EpiCept has initiated a Phase I clinical study of EPC2407, a novel small-molecule vascular disruption agent and apoptosis inducer for the treatment of patients with advanced solid tumors and lymphomas. EPC2407 is the first of a novel class of microtubulin inhibitors discovered by EpiCept. These compounds cause caspase activation, cell cycle arrest and apoptotic death in cancer cells.

Preclinical studies show that the antitumor effects of EPC2407 result from dual mechanisms, a primary effect on disruption of tumor vascular endothelial cells leading to hypoxia and central tumor necrosis, as observed with other vascular disruption agents; and a second and more direct apoptotic effect as well.

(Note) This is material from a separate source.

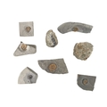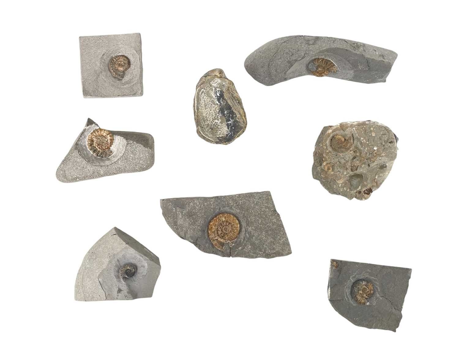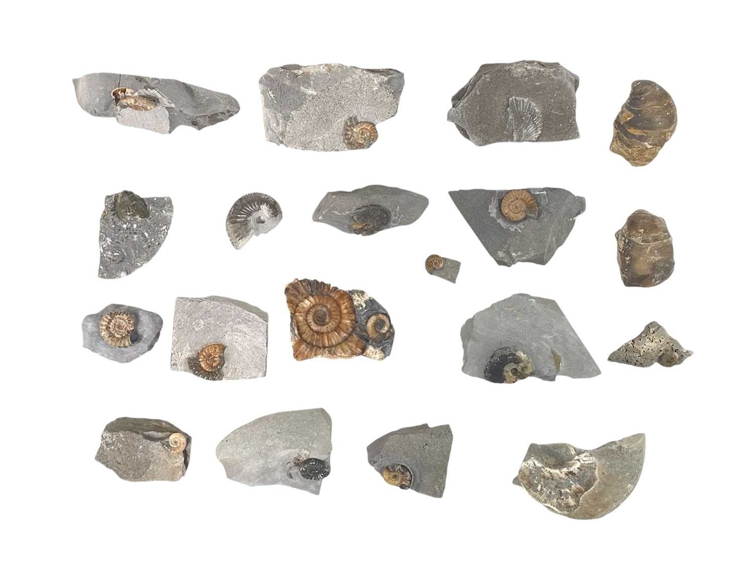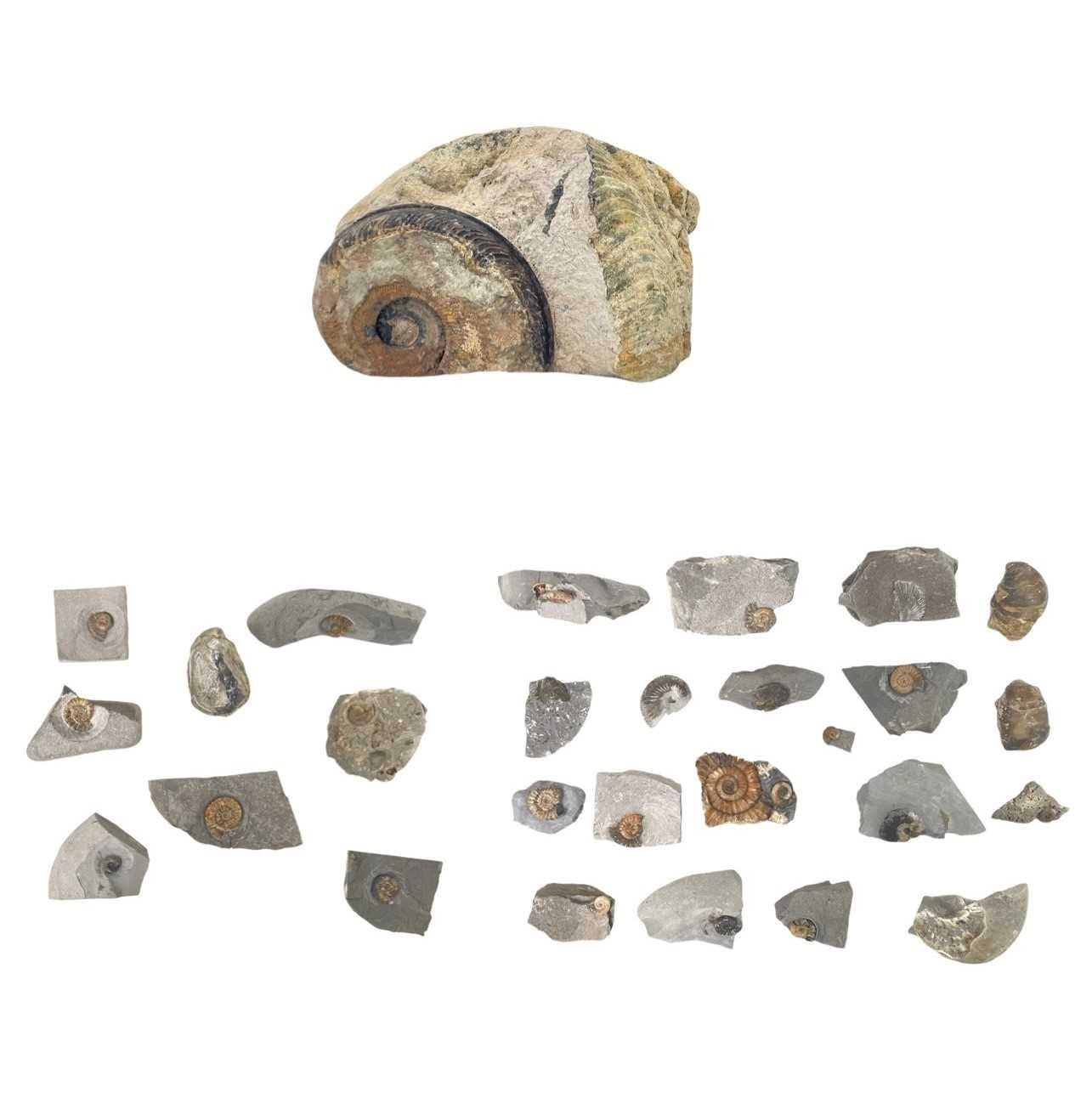 A collection of fossils. To include a large Harpoceras, and various other ammonite genera labelled with names and where they were discovered. (28)

The Phase I trial of EPC2407 is being conducted in two U.S. cancer centers and will administer increasing doses to small groups in approximately 30 patients with advanced stages of solid tumors. The primary objectives of the study are to determine the safe doses and blood concentrations of the drug (maximum tolerated dose and pharmacokinetics). The study will also characterize the pharmacodynamic effects on blood flow and identify early signs of antitumor response. The trial is expected to last one year.

EPC2407 is intended for the treatment of advanced cancer patients with solid tumors that are well vascularized. These tumors include the frequently occurring cancers of the lung, gastrointestinal tract, ovaries and breast. Despite encouraging progress in treating earlier stages of these diseases, these cancers continue to have high mortality rates in spite of some new classes of antitumor agents in recent years.